Every regular player since 2011 is ranked in Net Reward for your viewing pleasure here. The difference between their ranking and that of their CF% Rel helps identify the biggest risers and fallers from simple possession scores. See how the top-30 in each category group together:
The green points are risers, the red are fallers. The players who do better by net relative reward than simple Rel Corsi are those who face forward competition of quality far surpassing that of their linemates, and thus provide favourable off-ice match-ups for their team. Min. ∆CF% Break is the minimum difference in on-ice CF% required to match the expected off-ice shooting advantage associated with the discrepancy in forward quality. The data in red represent players who had to dominate possession while on the ice for their minutes to positively impact the team, and often did so. The match-ups leftover from those minutes, however, diminishes the value of the possession driven by these players.
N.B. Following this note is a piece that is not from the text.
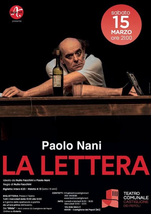 Teatro Comunale di Castiglione dei Pepoli. Sabato 15 febbraio “La Lettera” con Paolo Nani. Regia di Nullo Facchini

The numbers and rankings don’t mean nearly as much as the idea behind them and are, in fact, incomplete without a means of estimating expected off-ice CF%. However, they do offer a fresh perspective on the value of possession provided by a given player. One that belongs to a different paradigm then traditional Corsi or even dCorsi. Asking “How good must you be in your minutes?” is not the same as asking “How good should you be in your minutes?” Not all possession holds equal value — A first line player who dominates first line competition provides more rewarding minutes than a fourth line player who dominates fourth line competition. Revisiting Erik Condra’s case, you have a player whose expected goal differential is mitigated by the fact he plays in minutes that produce fewer goals than average. On the other hand, there is additional inherent value in those minutes because of the leftover match-ups. The net result is a clear positive and a ranking that remains above that of Kyle Turris, a player who did okay in minutes he had to do very well in. I believe this is a concept easily understood with a little reflection. Like dCorsi, investigation past simple CF% comparison provides a far clearer picture and better tools for analysis. In order to make advanced stats more palatable to those averse to them, I think we need to de-simplify rather than over-simplify. It starts with making it understood that raw CF% and other shot-based possession metrics require significant context in order to provide reasonable assessments. There is no all-in-one stat in hockey I would trust to measure player quality on its own, and the best method involves looking at things in more ways than just one.